A prominent Baltimore funeral home has filed a $41 million defamation lawsuit against WJZ, claiming that an investigative report wrongly accused the firm of mishandling a veteran's burial, and was largely based on the widow's dreams.
The suit also claims that WJZ reporter Suzanne Collins refused to grant officials at March Funeral Homes West Inc. enough time to refute the contentions of Enid Costley before the Oct. 11, 1999 broadcast, despite repeated pleas.
The suit, filed last Friday by Baltimore lawyer Walter Nathan Malloy Jr., charges that WJZ "published an irresponsible piece of sensational journalism that was wretched with false statements." March Funeral Homes is seeking $16 million from CBS, WJZ's corporate parent, plus $25 million in punitive damages.
The station's general manager, Jay Newman, declined comment. Collins, a veteran reporter at Channel 13 whose work has won several awards, also refused to be interviewed. "At this time, WJZ has not been officially served with a legal notice," said WJZ spokeswoman Liz Chuday.
According to court records, WJZ anchor Vic Carter promoted the story this way: "A local woman takes extra care for her husband's funeral arrangement but says everything went wrong.

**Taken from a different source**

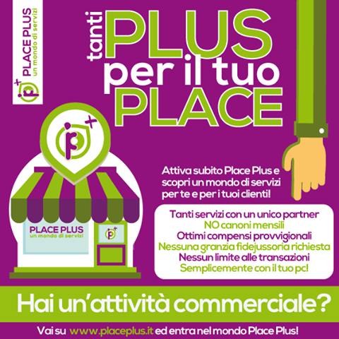 Si chiama Place Plus e rappresenta un’opportunità per gli esercenti che vogliono incrementare il proprio business ed offrire più servizi ai propri clienti. Una realtà nuova e innovativa - proposta da professionisti con lunga esperienza nel settore - che si propone come partner unico per l’erogazione di servizi (Plus) al cittadino effettuati attraverso bar, tabaccherie, ristoranti, hotel, pub, e così via (Place).

Eyewitness News investigates -- and what we found may shock you."
Five family members of William Costley told Collins they saw his coffin slightly ajar when an honor flag was removed from its top at the Maryland State Veterans Cemetery at Garrison Forest, according to the court records. When the coffin was handled by cemetery employees, family members heard a horrible noise, Collins said, "as if the coffin had dropped into the vault bouncing and crashing."
The family was too far away to see into the burial site, but the suit states that Enid Costley told Collins that her husband came to her in a vision and said his body had fallen: "I dreamt him that night, that he came to me and showed me how he felled over." On the broadcast, Enid Costley said she wanted to dig up her husband's grave. In her piece, Collins said that March Funeral Homes promised to investigate whether the coffin was defective, or its handling inappropriate.
In an interview yesterday with The Sun, Kenneth McKisset, superintendent of the veterans cemetery, said state safety regulations prevent family members from observing burials close to the site. "My men lowered the casket into the liner, put the lid on, and the whole thing is lowered down into the actual grave, and they closed it up," McKisset said.
Two days after the initial broadcast, McKisset and the March Funeral Home arranged to uncover William Costley's casket in the presence of Costley and a reporter. According to the lawsuit, WJZ reporter Alex Demetrick recounted on air, "The family was brought up to look inside -- what they saw were roses on top of a closed casket -- and a lid that was locked tight enough to withstand testing by a worker."